Not a common issue on Shimanos but it does happen from time to time.


----------



## Bantam1 (Jun 26, 2007)

I have never seen them stick unless they have become damaged in some way.


----------



## fishingcacher (Mar 29, 2008)

Looks like corrosion of the levelwind. Since the powder is blue there must be some copper int he levelwind.


----------



## MattK (Feb 9, 2006)

Not the best picture but it almost looks like the blue Penn grease.


----------



## fishingcacher (Mar 29, 2008)

fishingcacher said:


> Looks like corrosion of the levelwind.

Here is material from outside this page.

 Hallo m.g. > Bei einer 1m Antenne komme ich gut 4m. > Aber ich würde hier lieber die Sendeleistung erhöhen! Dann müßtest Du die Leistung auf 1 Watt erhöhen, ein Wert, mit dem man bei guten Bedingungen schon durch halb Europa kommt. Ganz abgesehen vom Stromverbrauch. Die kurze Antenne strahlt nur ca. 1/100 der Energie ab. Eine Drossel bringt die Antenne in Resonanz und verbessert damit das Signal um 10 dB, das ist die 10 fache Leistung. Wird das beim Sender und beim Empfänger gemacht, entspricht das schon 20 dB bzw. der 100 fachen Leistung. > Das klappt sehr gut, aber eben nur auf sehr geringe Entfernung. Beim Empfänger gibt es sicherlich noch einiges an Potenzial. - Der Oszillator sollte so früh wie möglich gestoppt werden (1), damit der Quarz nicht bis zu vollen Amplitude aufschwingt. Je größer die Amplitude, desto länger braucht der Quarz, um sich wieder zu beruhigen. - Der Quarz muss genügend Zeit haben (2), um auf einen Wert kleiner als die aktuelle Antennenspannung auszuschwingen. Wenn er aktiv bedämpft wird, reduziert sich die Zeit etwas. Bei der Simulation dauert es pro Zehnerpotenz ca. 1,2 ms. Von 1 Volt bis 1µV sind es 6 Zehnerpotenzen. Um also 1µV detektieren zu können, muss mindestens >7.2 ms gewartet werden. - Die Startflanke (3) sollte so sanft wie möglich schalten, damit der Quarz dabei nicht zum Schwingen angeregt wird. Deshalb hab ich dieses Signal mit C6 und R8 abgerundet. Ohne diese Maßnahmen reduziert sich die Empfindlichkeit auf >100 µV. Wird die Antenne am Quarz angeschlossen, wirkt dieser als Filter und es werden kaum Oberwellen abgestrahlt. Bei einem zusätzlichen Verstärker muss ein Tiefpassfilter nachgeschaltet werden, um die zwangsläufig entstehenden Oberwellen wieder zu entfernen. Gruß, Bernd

Since the powder is blue there must be some copper int he levelwind.


I bought the reel used so blue Penn grease makes more sense.


----------



## fishingcacher (Mar 29, 2008)

Looks like it is the small gear failed in two places.


----------



## Bantam1 (Jun 26, 2007)

Something got stuck in the worm shaft, or a finger got stuck in there. That is the only way that gear can be damaged like this.


----------



## MattK (Feb 9, 2006)

Bantam1 said:


> Something got stuck in the worm shaft, or a finger got stuck in there. That is the only way that gear can be damaged like this.


Or chupacabra


----------



## fishingcacher (Mar 29, 2008)

Bantam1 said:


> Something got stuck in the worm shaft, or a finger got stuck in there. That is the only way that gear can be damaged like this.


The strange thing about this was it was messed up the first time I used it since my last trip. At any rate it is good to have the cheapest part fail as i found one at a store for 1.53 including tax. It is nice to be able to easily buy parts for reels.


----------



## fishingcacher (Mar 29, 2008)

I think I finally have an explanation for what happened. After trying to get the level wind to work I ended up removing it and cleaning it and that seems to have done the trick. I think the reason why the gear failed was I remember noticing the level wind knob appeared to be a little loose and tightened it done with my finger. That combined with all the excess dried out grease caused it to jam and I think I over torqued the gear with the power handle on the reel. That's my story and I am sticking to it.


----------